Sandglass Theater has done its part in promoting puppetry in America through its Puppets in the Green Mountains festivals. Sandglass first tried out the idea in 1988 in a one-off collaboration with the Brattleboro Museum & Arts Center.

“Much later we rethought the idea and brought the festival back in 1997 in a new form,” Eric says. “The then-director of BMAC, Mara Williams, bought into our vision and added her own passion and enthusiasm. It was a tremendous partnership.”

Puppets in the Green Mountains changed Sandglass's relationship to the community.

“After the festival you would see things like puppets in store windows in downtown Brattleboro and, even early on, we got good audiences,” Eric says.

Puppet festivals weren't unheard of in the U.S. in those days, but besides the Henson festival at the Public, they were primarily aimed at puppeteers, rather like a convention where the artists could learn from each other.

“We wanted Puppets in the Green Mountains to be similar to the European model, where a festival was held for the people in its community,” Eric says. “We were delighted to see our neighbors embracing this art form through the festival.

In other ways too, the festival was a community event.

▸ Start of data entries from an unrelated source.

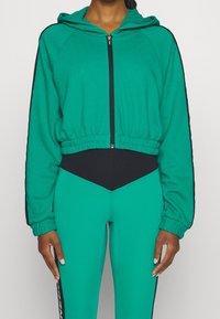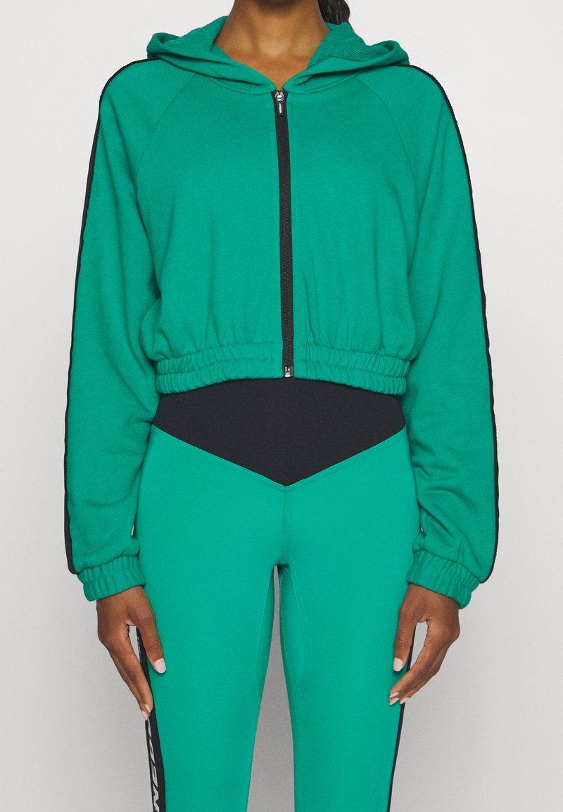 Sweat à capuche zippé vert avec un accent rayé noir, doté d'une capuche et d'un ourlet élastique. Associé à des leggings ajustés verts assortis avec des détails noirs.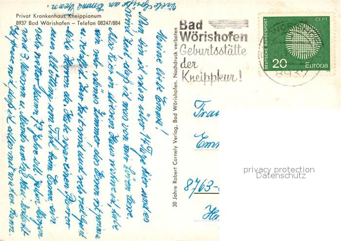 73090685 alte Postkarte Bad Woerishofen Krankenhaus Kneippianum postalisch gelaufen Erhaltung siehe scans [KathaD81] KatCode: 11110009778116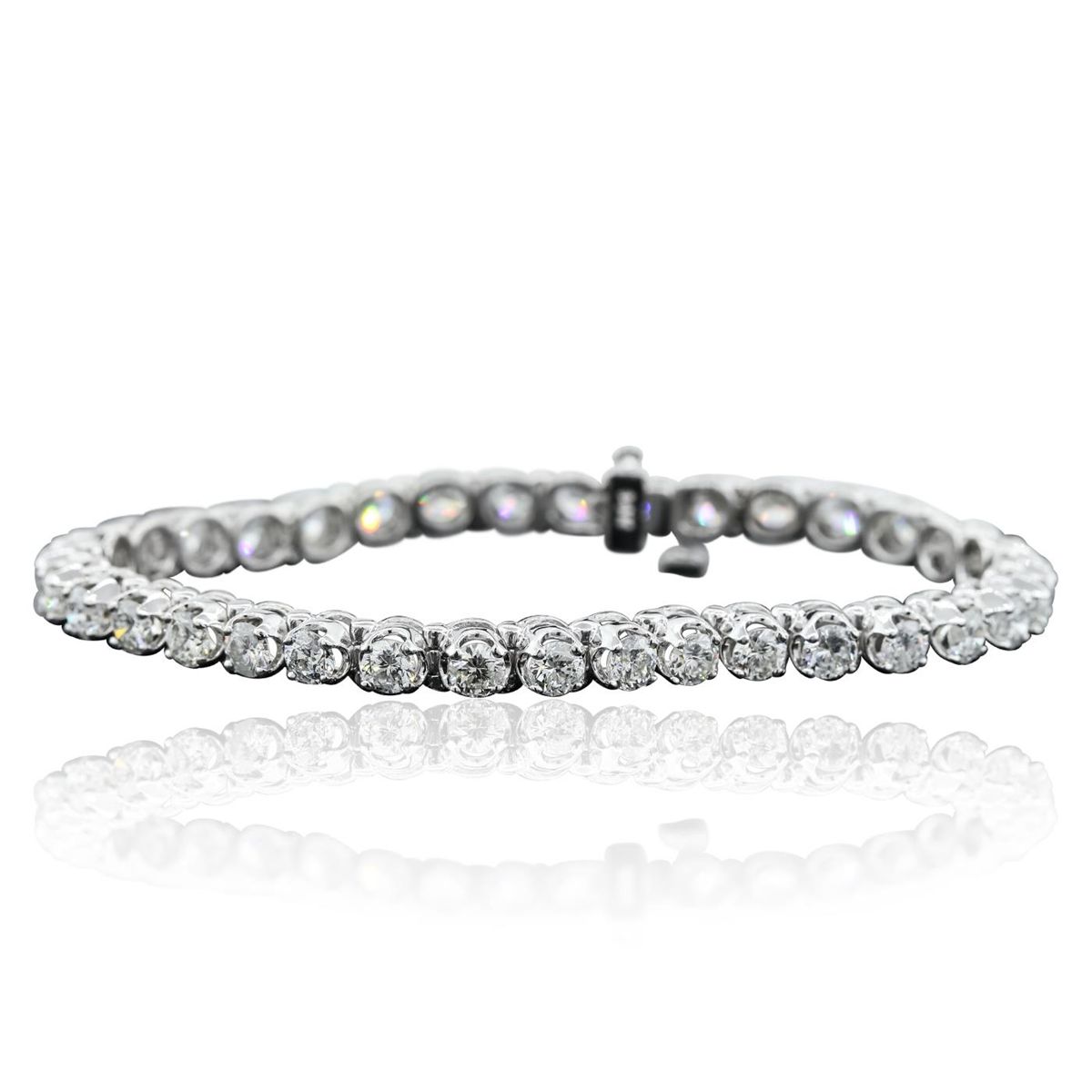 One electronically tested 14KT white gold ladies combination cast & assembled tennis bracelet with a hidden box clasp with a bright polish finish. Condition is new. Measurements: 6.85" in length. Identified with markings of "14K". Containing: Thirty-Five prong set round brilliant cut diamonds, measuring 4.00 - 3.90 x 2.37mm (depth est.) approximate total weight of 35 Stones = 7.89ct. Clarity: SI-2 to I-1. Color: H - J, Cut is Good. All diamonds are graded in the mounting, unless otherwise stated. Total Weight of Diamonds 7.89ct. Total Weight of Bracelet 15.80 grams. GGL Appraised at $33,225.00.

“Since we could not afford anything else, all of our artists were housed in homes of our friends, and they joined together in community meals. This was an eye opening experience for many, especially those performers coming from out of the country who harbored ideas about America that were not so wonderful. Here, they saw a remarkable community opening their arms to them, and this undercut a lot of prejudices they had about our country.”

Ines adds, “It was the special people in the towns in and around Brattleboro that made this work. Here was the right place for this event. Audiences are pretty amazing for this small rural community which is so open to the arts. When those foreign performers saw what it was like here, a lot of their minds were changed.”

Looking ahead

So what does the future hold for Sandglass?

Something special will happen Nov. 13 to 20, when Sandglass Theater joins forces with Next Stage Arts Project to present “Voices of Community: Art, Food, Shelter, Justice,” which will bring together artists, activists, and members of the community for a variety of events that address the need for the arts to be a powerful means for effecting social change.

The week has an overarching structure: progressing from how we listen to community stories, moving through how the community comes together around local needs, and culminating in the planning of forward-looking actions, all the time keeping theater practices as a core resource.

Sandglass Theater also is developing a new production, “Babylon,” a work in response to the rapidly escalating world crisis of refugees and asylum seekers.

Its premiere is still in the distant future.

“A piece like this takes around two years to create,” Ines says. “Of course, we do other things at the same time to make ends meet as we work on it.”

“Babylon” is noteworthy as the first time neither Eric nor Ines will perform in their own work. “We still are designing, directing and guiding the production, but we are leaving it to others to perform it,” Eric says.

As Eric and Ines step back, others are stepping forward. Two of their children, Shoshana Bass and Jana Zeller, have developed their own interest in puppetry and already are an integral part of Sandglass Theater. Both are puppeteers whose work has appeared at Sandglass, and both seem ready to take on roles of increasing leadership.

Whatever comes next, Eric and Ines feel pretty confident that Sandglass will be in good hands.